MBRWizard is a Master Boot Record (MBR) management application for x86 and x86-64 based computers.  As the use of disk imaging applications for backup and operating system deployment began to increase, as well as many users beginning to experiment with dual-booting Linux on existing Windows machines, key entries in the MBR were often changed or corrupted, rendering the machine unbootable.  MBRWizard was designed to allow the user to reverse or repair these unwanted, destructive changes to the MBR, effectively enabling the computer to once again boot properly.

Summary
Originally developed in 1999 for internal use, it was continually updated and eventually released as freeware to the public in March 2003.  Initial functionality was designed to sort partition table entries caused by effects of disk imaging, but quickly evolved to include the backup and recovery of the entire MBR, repair of a corrupt Windows MBR record, as well as direct modification of the disk signature.  Additional functionality was added to allow partitions to be activated, hidden, and deleted.  Later options were added to include disk wipe functionality, shutdown/reboot of the machine, mount/dismount of Windows volumes, and a staging byte utilized to maintain status between reboots.

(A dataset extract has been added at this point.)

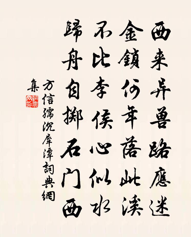 詩詞名句歷史字典書法欣賞書法字典國語詞典說文解字康熙字典古漢語字典標 題 作 者 詩 句 沉犀潭作者:方信孺 朝代:宋代沉犀潭原文西來異獸路應迷,金鎖何年落此溪。不比李侯心似水,歸舟自擲石門西。詩詞問答問:沉犀潭的作者是誰?答:方信孺問:沉犀潭寫於哪個朝代?答:宋代方信孺沉犀潭書法欣賞沉犀潭書法作品詩詞推薦鷓鴣天·鎮日無心掃黛眉夏竦〔宋代〕鎮日無心掃黛眉。臨行愁見理征衣。尊前只恐傷郎意,閣淚汪汪不敢垂。停寶馬,捧瑤卮。相斟相勸忍分離。不如春日雜興方岳〔宋代〕沖雨沖泥處處行,物情殊不可詩情。牡丹又是一年過,春事略無三日晴。先後筍爭滕薛長,東西鷗背晉齊盟。山居正仲思歸作篆畦今夜月十詩非篆畦月乃雁蒼月舒岳祥〔宋代〕篆畦今夜月,有待到三更。水鳥隔煙叫,山樵踏雪行。詩成嫌燭短,酒渴愛菹清。此際誰為伴,梅邊送影橫。來闍黎新亭作孟浩然〔唐代〕八解禪林秀,三明給苑才。地偏香界遠,心淨水亭開。傍險山查立,尋幽石逕回。瑞花長自下,靈藥豈須栽。碧網山下宿白居易〔唐代〕獨到山下宿,靜向月中行。何處水邊碓,夜舂雲母聲。景安和章來再次韻謝設醴四首陳造〔宋代〕道裝人映醉中姝,十二分行儼翠裾。遙想翻階麗清禁,似今群艷簉庭除。贈李十五丈別(李秘書文嶷)杜甫〔唐代〕峽人鳥獸居,其室附層顛。下臨不測江,中有萬里船。多病紛倚薄,少留改歲年。絕域誰慰懷,開顏喜名賢。孤陋和周繇見嘲(一作和周為憲廣陽公宴見嘲詩)段成式〔唐代〕才甘魚目並,藝怯馬蹄間。王謝初飛蓋,姬姜盡下山。縛雞方角逐,射雉豈開顏。亂翠移林色,狂紅照座殷。防梭挽鄭昂叔珪母蔡夫人二首王邁〔宋代〕絳幔談經日,熊丸苦時。屢修堂上拜,親炙母中師。每羨萱堂樂,今成薤露悲。一生同令共,共泣蓼莪詩。崔十八新池白居易〔唐代〕愛君新小池,池色無人知。見底月明夜,無波風定時。忽看不似水,一泊稀琉璃。不赴宴贈丘妓白玉蟾〔宋代〕舞拍歌聲妙不同,笑攜玉斚露春蔥。梅花體態香凝雪,楊柳腰肢瘦怯風。螺髻雙鬟堆淺翠,櫻唇一點弄嬌紅。白鷗不飲酒曾鞏〔宋代〕不飲酒,不善諧,少年醒眼看花開。況從多病久衰耗,自顧白髮垂氈毸。縱遇花時少情思,經春不曾銜酒杯。布穀送琴客李昌符〔唐代〕楚客抱離思,蜀琴留恨聲。坐來新月上,聽久覺秋生。夜靜騷人語,天高別鶴鳴。因君興一嘆,竟夕意難平。送查仲文三首項安世〔宋代〕先生江海乾,使者水曹郎。開絹印三道,懷人天一方。上江春水急,穿峽晚雲長。詩酒勤陶寫,中年屬易傷。淡黃柳·空城曉角姜夔〔宋代〕客居合肥南城赤闌橋之西,巷陌淒涼,與江左異。唯柳色夾道,依依可憐。因度此闋,以紓客懷。空城曉角,吹入九里山中 其三王冕〔元代〕九里溪頭晚雨晴,松風瑟瑟水泠泠。絕無過客問奇字,只有閒雲到野亭。每笑盛名傳坎壈,豈陳虛語說零丁?老年浣溪沙(再用韻並簡二千戶)何夢桂〔宋代〕金紫山前山萬重。山高雲密下蒼龍。春來好雨遍三峰。芳草郊原眠繭犢,垂楊營壘系花驄。趣歸行有紫泥封。初夏即事寄魯望皮日休〔唐代〕夏景恬且曠,遠人疾初平。黃鳥語方熟,紫桐陰正清。廨宇有幽處,私游無定程。歸來閉雙關,亦忘枯與榮。土室和襲美初冬偶作陸龜蒙〔唐代〕桐下空階疊綠錢,貂裘初綻擁高眠。小爐低幌還遮掩,酒滴灰香似去年。小舟過吳江風雨大作夜泊三家村翌日風回到家孫應時〔宋代〕短篷僅容坐,一滴不通雨。不料西南風,滂沛遽如許。盪搖首屢觴,跧彎背欲僂。筆經四橋側,心動不敢語。茫洋名句推薦多少天涯未歸客,盡借籬落看秋風。唐寅《菊花》 北斗七星高,哥舒夜帶刀。西鄙人《哥舒歌》 輕寒細雨情何限。不道春難管。秦觀《虞美人·碧桃天上栽和露》 若要俏,添重孝。馮夢龍《警世通言·卷三十五》 江帆幾片疾如箭,山泉千尺飛如電周德清《塞鴻秋·潯陽即景》 牛靿咤咤,田確確,旱塊敲牛蹄趵趵。元稹《田家詞 / 田家行》 愛敬盡於事親,而德教加於百姓,刑於四海孔子及其弟子《孝經·天子》 卻是有,年年塞雁,歸來曾見開時。晁沖之《漢宮春·梅》 燕子欲歸時節,高樓昨夜西風。晏殊《破陣子·燕子欲歸時節》 天門中斷楚江開,碧水東流至此回。李白《望天門山》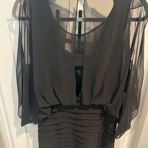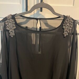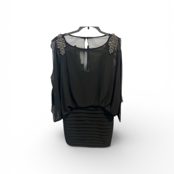 Stylish Cache dress in black. This is a signature piece for your collection. Vintage, excellent condition, wore once, Features sparkling embellishments on the shoulders. Wing style arms. Ideal for elegant events. No zipper, pull on pull off, stretchy, comfortable.

Designed as a cross-platform application from the beginning, MBRWizard is noted as being very flexible as it can be implemented natively on most PC operating systems.  In addition to the freeware MBRWizard CLI version, MBRWizard Suite 3.0 was released in 2010 as a commercial product, featuring a new graphical interface, and the ability to create custom WinPE boot environments for offline repair and recovery.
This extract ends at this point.